The standard KUBio BSL2 includes a FlexFactory single-use biomanufacturing platform, where the recommended bioreactor size is between 200 and 1,000 litres.
The facility can be extended with a larger, or additional manufacturing suite according to the market need. As a part of the project, GE said it provides end-to-end bioprocessing support including manufacturing equipment, a prefabricated modular facility and accompanying suite of services, including installation, financial guidance, project coordination, qualification and equipment maintenance services.
“The market is moving towards more targeted therapies designed for smaller patient populations. The challenge is that most therapeutics going through clinical trials are not suited for the existing, predominantly large-scale manufacturing infrastructure. Biomanufacturers are looking for fast market entry, lower costs, smaller batches and multiproduct manufacturing flexibility,” commented Olivier Loeillot, general manager, BioProcess, GE Healthcare Life Sciences.
“As the viral vector-based therapies have started entering the market, we are proud to be supporting access for these promising new treatments with flexible manufacturing capacity that is in the right scale,” Loeillot added.
GE already offers a prefabricated manufacturing solution (KUBio) for the production of monoclonal antibodies (mAbs), a FlexFactory biomanufacturing platform for a variety of biologics and most recently, a scalable FlexFactory platform for cell therapy.

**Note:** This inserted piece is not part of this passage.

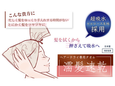 「濡髪速乾」タオルは、髪を拭くのではなく、押さえて水分を吸収する画期的なヘアードライ専用タオルです。
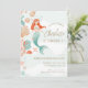 Invitation Fille Sirène Bash fête d'anniversaire Corail vert

Three KUBios and over 40 FlexFactories have already been purchased globally.
Commercial viral vector therapies started appearing in mid-2000, and their popularity has increased due to their platform approach and advancements in cell engineering (1).
Currently, there are over 700 viral vector based therapies in clinical trials (2) and several treatments have already received a market approval (3). Viral vectors are modified viruses that are being used as vehicles (or ‘carriers’) to deliver genetic material into target cells. They protect the new gene from degradation, while delivering it to the target cells that start using the new genetic code to cure or treat a certain disease.

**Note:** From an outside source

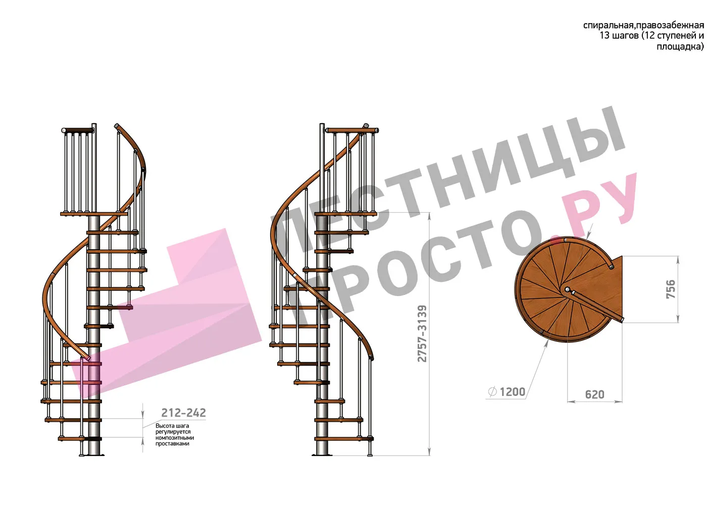 | Винтовая лестница Prosto Spiral Black D140см, h275.7-313.9 см |

- (1) FiercePharma: NIAID chief: Platform tech will bring a 'major switch'—and shorter timelines—to vaccine R&D
- (2) Based on an internal GE analysis of worldwide R&D pipelines over a seven-year period (includes active trials in December 2016 but excludes suspended/terminated/withdrawn trials)
- (3) Including GSK Strimvelis & MolMed Zalmoxis (GT HSC) - Novartis CAR-T Kymriah (CT LV based) - Kite/Gilead CAR-T Yescarta (CT RV based) - Spark Luxturna (AAV based GT).